2 downloads 0 Views 2MB Size Report
Feature selection was carried out using a combination of bootstrap resampling procedure with the stepwise selection technique. Additionally, due to the ...
Logistic Regression Models for Predicting Resistance to HIV Protease Inhibitor Nelfinavir L.M. Raposo1, M.B. Arruda2, R.M. Brindeiro2, and F.F. Nobre1 1

Department of Electronics, Informatics and Bioengineering, Politecnico di Milano, Milano, Italy 2 Fresenius Medical Care, Bad Homburg, Germany 3 Center for Biomedical Technology at the Danube, University of Krems, Austria

Abstract — The development of models to predict the resistance to the antiretroviral drugs can be useful in making a decision regarding the best therapy for HIV+ individuals. This study developed predictive models of resistance to the protease inhibitor Nelfinavir using logistic regression. The data comprises a total of 625 patients for which HIV-1 genotype was available, with 130 resistants to Nelfinavir in the last regimen. Feature selection was carried out using a combination of bootstrap resampling procedure with the stepwise selection technique. Additionally, due to the unbalanced nature of the dataset, we develop four balanced final models. The accuracies of the models ranged from 70.40 to 76.80% and areas under the ROC curve (AUC) ranged from 0.657 to 0.687. The best model had AUC equal to 0.687, accuracy of 76.80%, specificity of 84.21% and sensitivity of 53.33%. The agreement between this model and the known resistance level was fair, Kappa index of 0.3712. Keywords— HIV, Logistic Models, Drug Resistance

INTRODUCTION In Brazil, since 1996 the antiretroviral therapy has been offered freely and universally [1], with a reduction in morbidity and mortality as well as an increased quality of life of patients [2]. In some cases, the therapy did not show durable clinical benefit due to several factors such as poor adherence to the treatment, loss of one or more clinic visits, high viral load, low count of CD4 + T cells and resistance to antiretroviral drugs [3-5], which has been a major obstacle in getting a lasting treatment. HIV drug susceptibility can be evaluated either by genotyping or phenotyping. Genotyping identifies genetic mutations associated with resistance to antiretroviral drugs. It is faster, has a lower cost and is more accessible [6]. Phenotyping provides a direct measure of susceptibility to HIV antiretrovirals, but is very expensive, and requires special laboratories [6,7]. Several studies have proposed models to predict HIV resistance using genotyping.
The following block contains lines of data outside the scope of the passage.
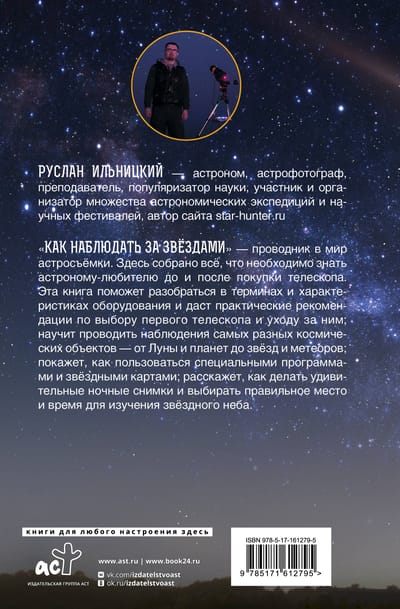 «Как наблюдать за звёздами» — проводник в мир астросъёмки. Здесь собрано всё, что необходимо знать астроному-любителю до и после покупки телескопа. Эта книга поможет разобраться в терминах и характеристиках оборудования и даст практические рекомендации по выбору первого телескопа и уходу за ним; научит проводить наблюдения самых разных космических объектов — от Луны и планет до звёзд и метеоров; покажет, как пользоваться специальными программами и звёздными картами; расскажет, как делать удивительные ночные снимки и выбирать правильное место и время для изучения звёздного неба.
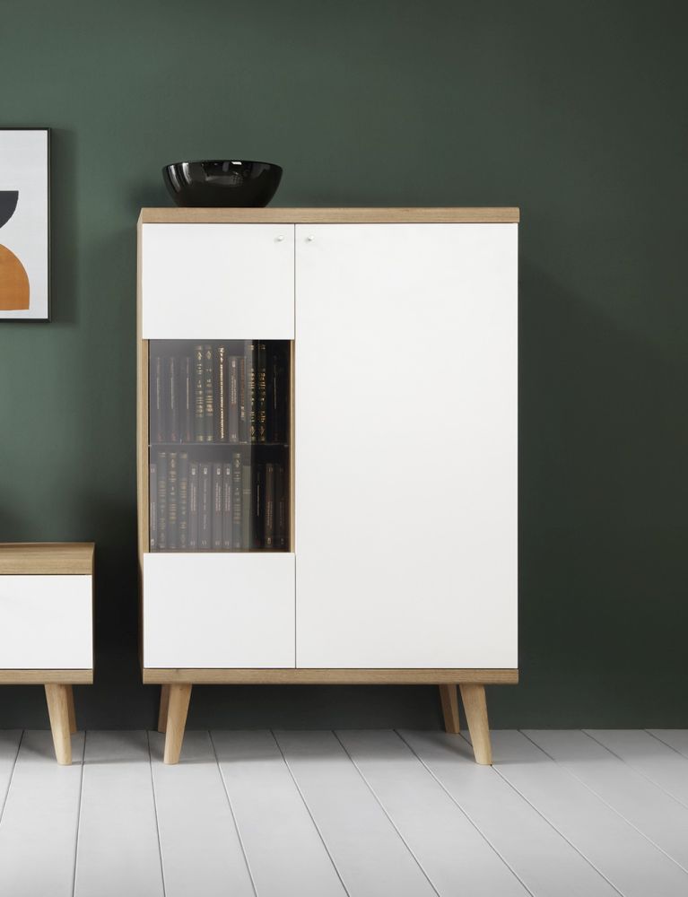 Niska witryna ze szkłem w stylu skandynawskim PRIMAVERA 90 w stylu skandynawskim idealnie wpasowuje się w nowoczesne wnętrza, gdzie dominuje jasna kolorystyka, naturalne materiały i minimalistyczne wzornictwo. Może być doskonałym uzupełnieniem salonu, jadalni lub kuchni, nadając pomieszczeniu świeżości, elegancji i przytulności.
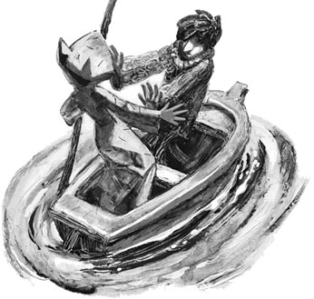 Ойкью фыркнула: как он, наверное, горд собой! Но мальчик был прав, как ни посмотри. Луна, которая висела уже высоко над рекой, опять казалась жутковато-жёлтой, а далёкий звук, похожий на звон ржавой цепи, всё ещё преследовал их, словно эхо наступающего рока. Ойкью погребла быстрее.
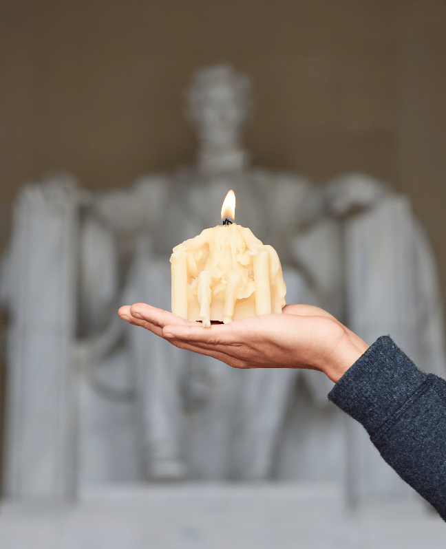 而在這尊林肯蠟像身上,遍布了許多燭芯。一旁的告示牌說明,前來參觀的民眾可以先仔細閱讀雕像背後的故事,再點燃燭芯,接著在1到2分鐘後將火焰吹熄。隨著前來參觀的人越來越多,林肯蠟像的外觀也會逐漸改變。
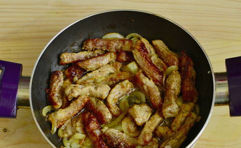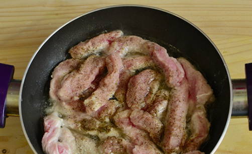 - Bak het vlees in een voorverwarmde koekenpan snel goudbruin.
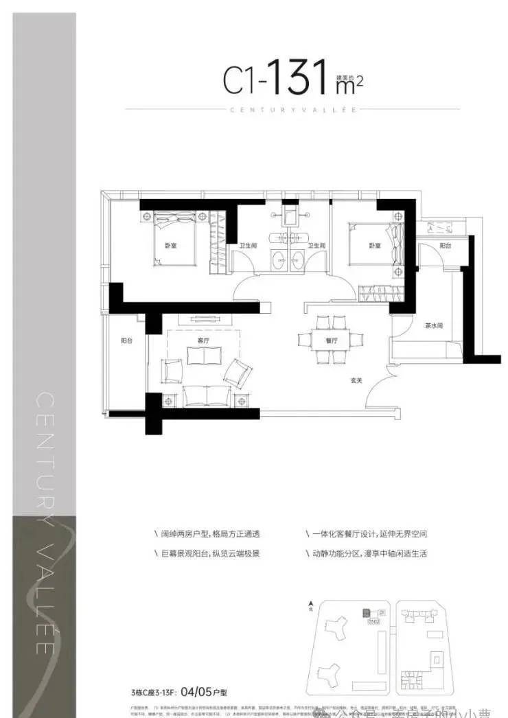 项目简介:总建筑面积约39万㎡,涵盖天际住宅、高端公寓、下沉式商业街等多种业态为一体,最新推出二期3栋C座建面约131-262㎡天幕公馆、C1户型——建面约131㎡2室2厅2阳台。
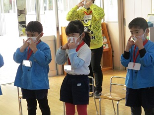 「まん延防止等重点措置」の延長を受け、例年実施しております保育参観の持ち方の変更にご理解いただき感謝いたします。22日に分散型保育参観の計画表を配布しました。第一希望を優先に計画表を作成しましたが、思い通りにならなかった保護者の皆様のご理解に感謝いたします。参加人数を踏まえ三密を考え計画表を作成したことにご理解下さい。参加に際しましては、配布しました健康確認票の提出をお願いいたします。
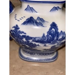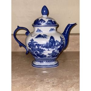BOMBAY COFFEE/TEA POT 52 OZ BLUE WILLOW ORIENTAL LANDSCAPE SCENE BLUE & WHITE TEAPOT.
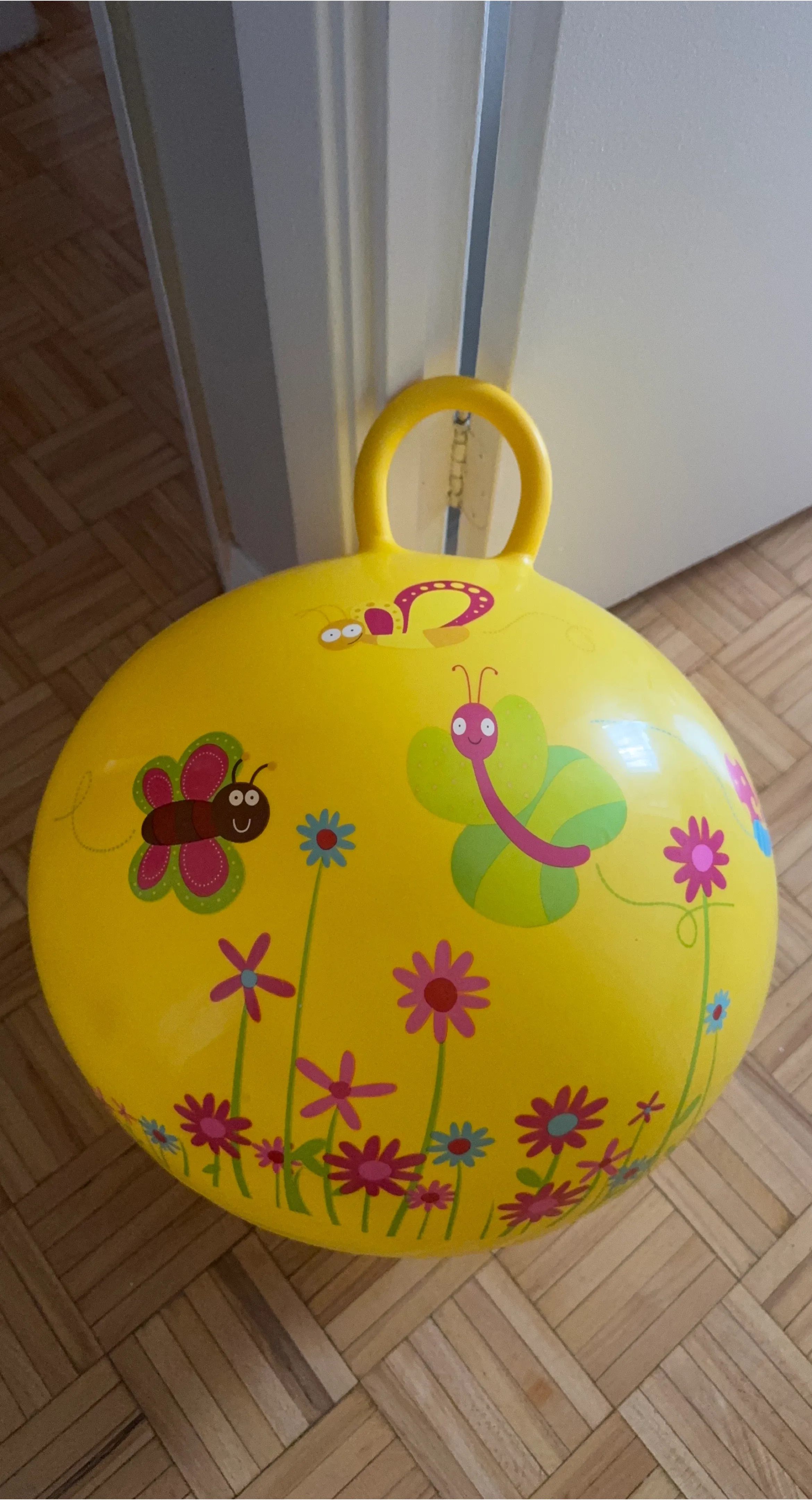 This is a fun, yellow hopper ball with a cute butterfly and flower design! It's perfect for kids who love to bounce around and get some exercise. It's in great condition and ready for a new home.
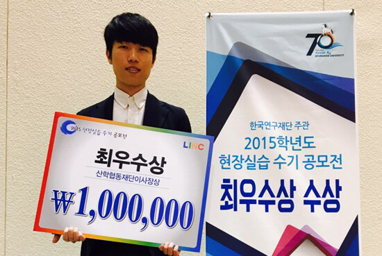 최우수상을 수상한 서명기 군은 2014학년도 하계 계절제 현장실습에 참여해 (주)대홍기획에서 4주간 근무(지도교수 진홍근)한 경험을 토대로 수기를 작성했다.
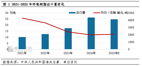 环氧树脂:近年来出口整体延续增长趋势,2025年出口量小幅回落
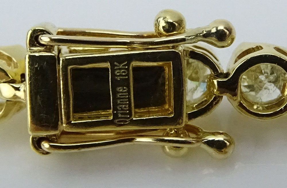 AIG Certified 8.52 Carat Round Brilliant Cut Diamond and 18 Karat Yellow Gold Tennis Bracelet. Diamonds K-M color, I1-I2 clarity. Signed 18K. Very good condition. Measures 7-3/8" L. Approx. weight: 9.70 pennyweights. AIG Report 019915188041 dated 7/7/15 to accompany this lot. Shipping $30.00 (estimate $3500-$4500)
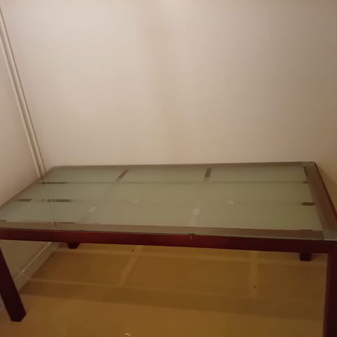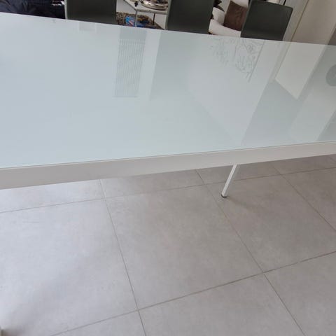 Myydään muuton tieltä pois iso valkonen ruokapöytä, jossa päällä pidetty aina mittojen mukaan teetettyjä karkaistua lasia. Pöytä on tukeva lankkupöytä.
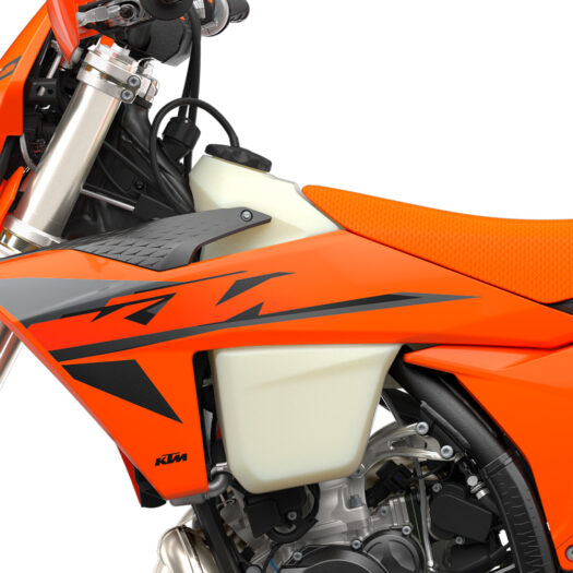 Průsvitná polyethylenová (XPE) palivová nádrž je poznávacím znakem enduro strojů KTM. Nejenže díky ní snadno získáš rychlý přehled o hladině paliva, ale zásluhou dlouholetého vývoje se také jedná o nejpevnější a nejspolehlivější palivovou nádrž vůbec. Pro rok 2024 je nádrž vybavena jednodílným palivovým čerpadlem s palivovým filtrem, což umožňuje ještě důslednější využití celého objemu nádrže. S objemem 8,9 l paliva můžeš vyrazit na trail nebo závodní trať s naprostým klidem.
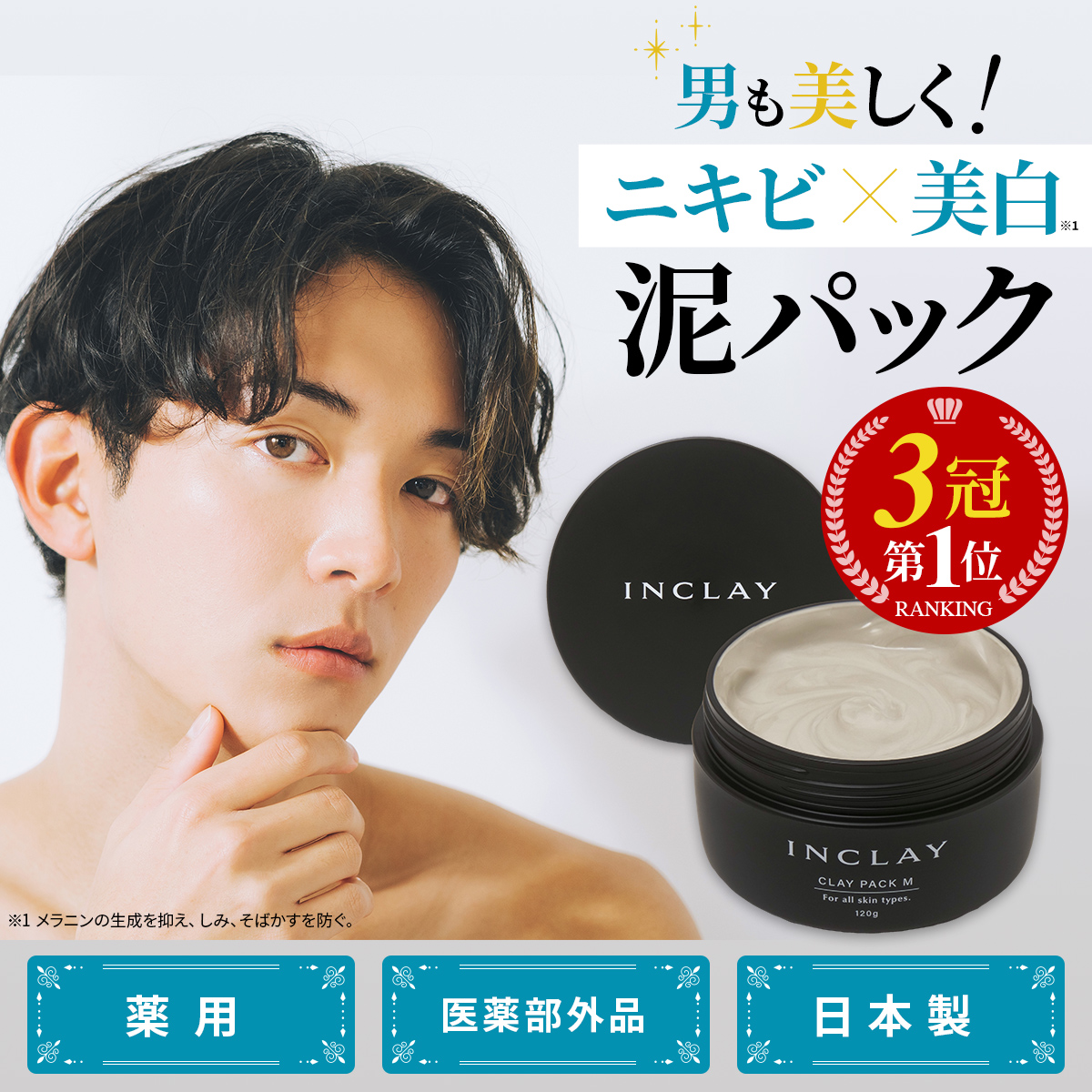 薬用 泥パック ニキビ対策 美白 ケア パック 男性 美肌 効果 ニキビ スキンケア ニキビケア メンズ パック おすすめ ランキング 日本製 送料無料 (INCLAY)
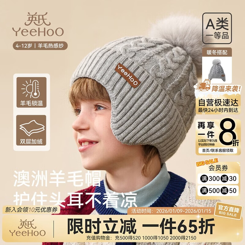 英氏(YEEHOO)羊毛保暖宝宝帽子护耳设计儿童针织帽双层加绒加厚中大童儿童帽子
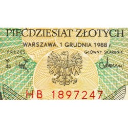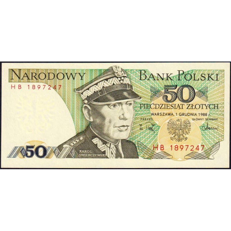 • Pologne - Pick 142c_2 - 50 zlotych - Série HB - 01/12/1988 - Etat : NEUF
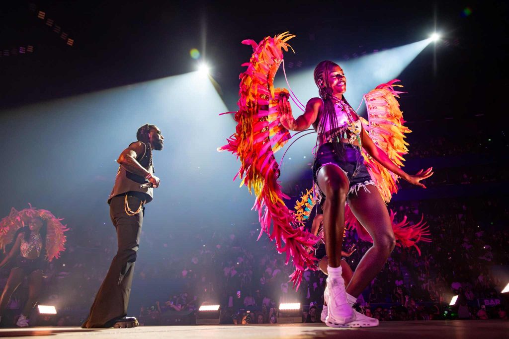 When J Hus’s familiar words ring out, the crowd knows it is time for the triumphant “City Boys”. The anthem of African pride pulses through every beat as the dancers amplify its bold, masculine energy. Burna’s deep baritone, commanding presence and diamond-flashed grin radiate pure joy and power.
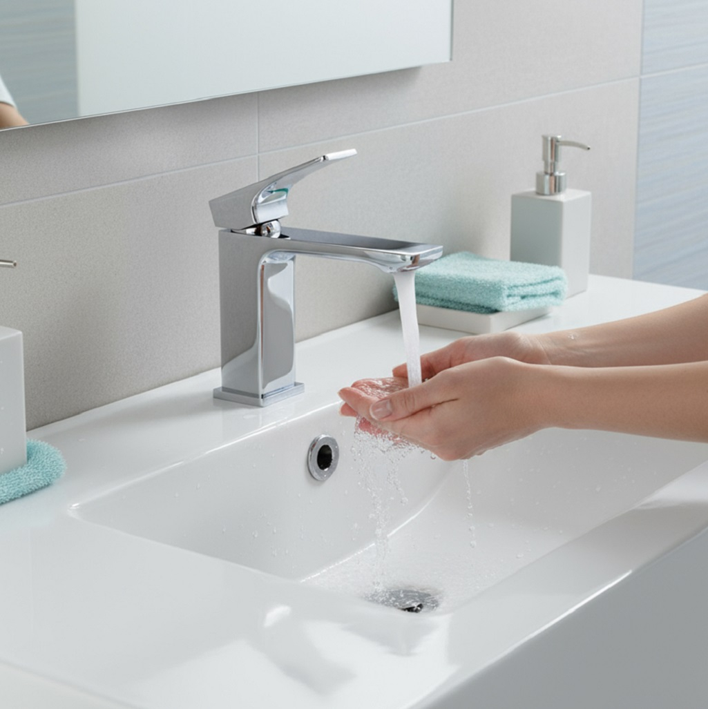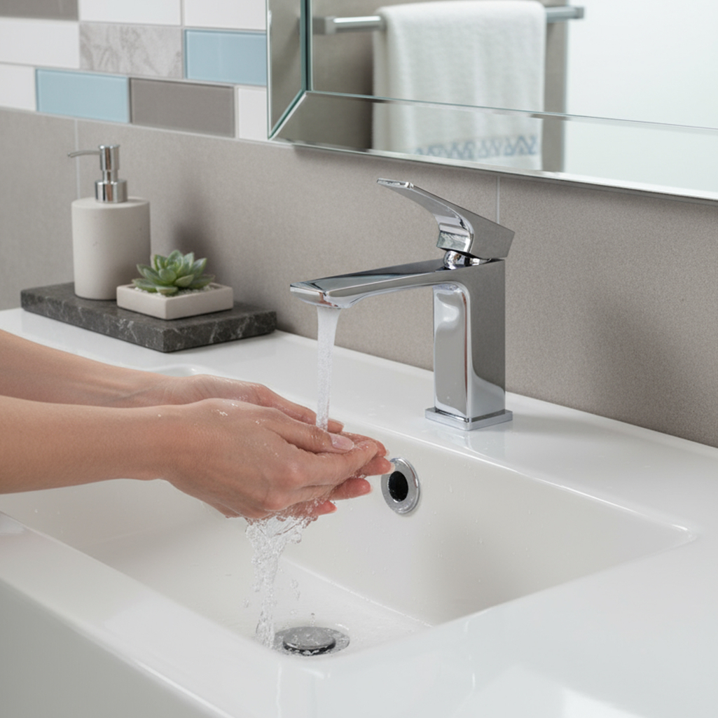 Смеситель для умывальника AETHERPRIDE A1001 глянцевый, цвет хром выполнен в современном геометричном дизайне с четкими линиями. Покрытие сверкающего глянцевого цвета хром не только выглядит дорого и стильно, но и практично в ежедневном использовании. На такой поверхности практически не остаются следы от капель воды и пальцев, что облегчает уход и сохраняет безупречный вид. Одна рукоятка легко управляет и напором, и температурой воды, делая процесс интуитивно понятным. Аэратор насыщает струю воздухом, снижая расход воды без потери комфорта. Смеситель AETHERPRIDE - это воплощение сдержанной элегантности и безупречной функциональности. Его матовая поверхность цвета оружейной стали и лаконичный дизайн станут стильным акцентом в любой ванной комнате, даря не только эстетическое удовольствие, но и безупречную надежность на годы вперед.
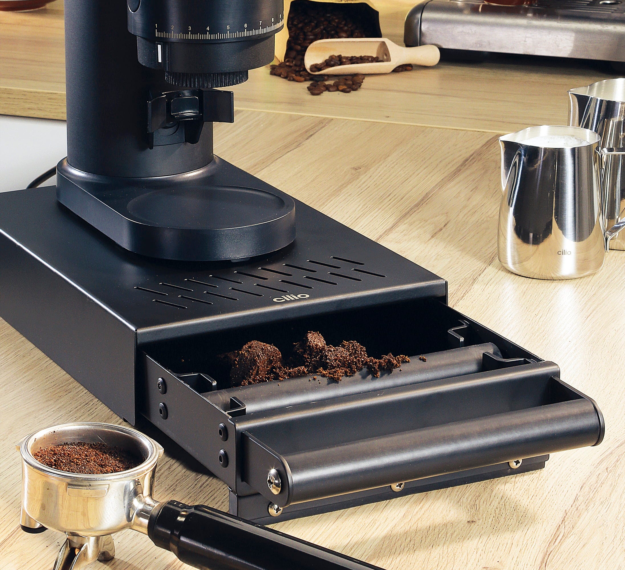 Vollende dein Home-Barista-Setup mit der cilio Sudschublade BARISTA. Sie ist die ideale Lösung, um Kaffeesatz platzsparend und stilvoll zu entsorgen. Dank ihrer stabilen Bauweise und den rutschfesten Füßen dient sie gleichzeitig als perfekte Unterlage für eine kleine Siebträgermaschine oder die elektrische Kaffeemühle. Der abnehmbare, gummierte Abschlagsteg dämpft die Schläge deines Siebträgers effektiv ab. Das schont nicht nur deine Ohren, sondern auch das Material deines Equipments.
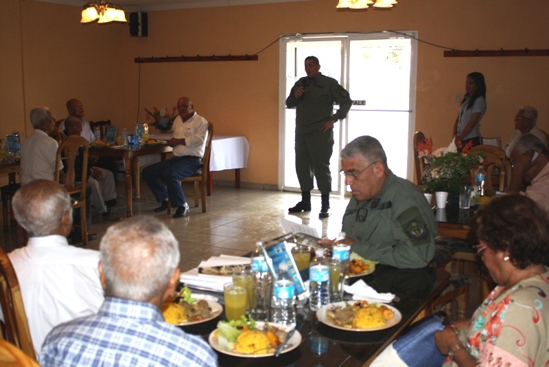 Un reconocimiento a ocho ex miembros jubilados de la desaparecida Guardia Nacional fue realizado en la mañana de este viernes 23 de agosto, en la Zona de Policía de Coclé por el jefe de esta área el Comisionado Miguel Ávila De Los Santos. En este acto se quiso rendir un homenaje a los uniformados jubilados que en la época de los años 60 consagraron sus mejores días al servicio de la patria, dejando plasmada su vocación y firmes legados institucionales ; los cuales deben ser ejemplos para las nuevas y futuras generaciones. El acto que contó con la presencia del jefe de la zona, también de los oficiales el mayor Doryam Espitía Ejecutivo de la zona, el mayor Héctor Wong, jefe del área C de Antón, el mayor Luis Quiel jefe del área B Aguadulce e invitados especiales y familiares. Tanto el comisionado Miguel Ávila, como los jefes de las áreas felicitaron en sus respectivas intervenciones, a los homenajeados y a sus familiares allí presentes, y felicitándoles porque son parte de la historia de la Policía Nacional, dejando huellas de un pasado donde el valor del respeto era valorado no solo por unidades sino por una ciudadanía que con solo escuchar a las 9:00 de la noche el sonido de un silbato, marcaba la hora de estar en casa. Por otro lado, el comisionado les recordó a los reservistas que la sede de la Policía en la provincia de Coclé sigue siendo su casa para todo lo que necesiten. El homenaje culminó con algunas anécdotas del antiguo cuartel de Penonomé, por el historiador y profesor Heraclio Quirós; donde posteriormente los invitados pasaron a un almuerzo que fue del agrado de todos los presentes. |
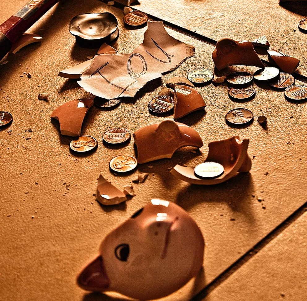 Керамичната фигура се пръсна на парчета, позволявайки на развълнуваното момче да зърне богатството си.

The range of methods varies from basic statistical methods [8,9] to modern machine learning algorithms [6,10,11]. Here, we develop models to predict resistance to the HIV protease inhibitor Nelfinavir using logistic regression, a generalized

linear model widely used to make predictions or to explain the occurrence of a specific event when the response variable is binary, and a combination of bootstrap with stepwise procedure to select the variables for the model.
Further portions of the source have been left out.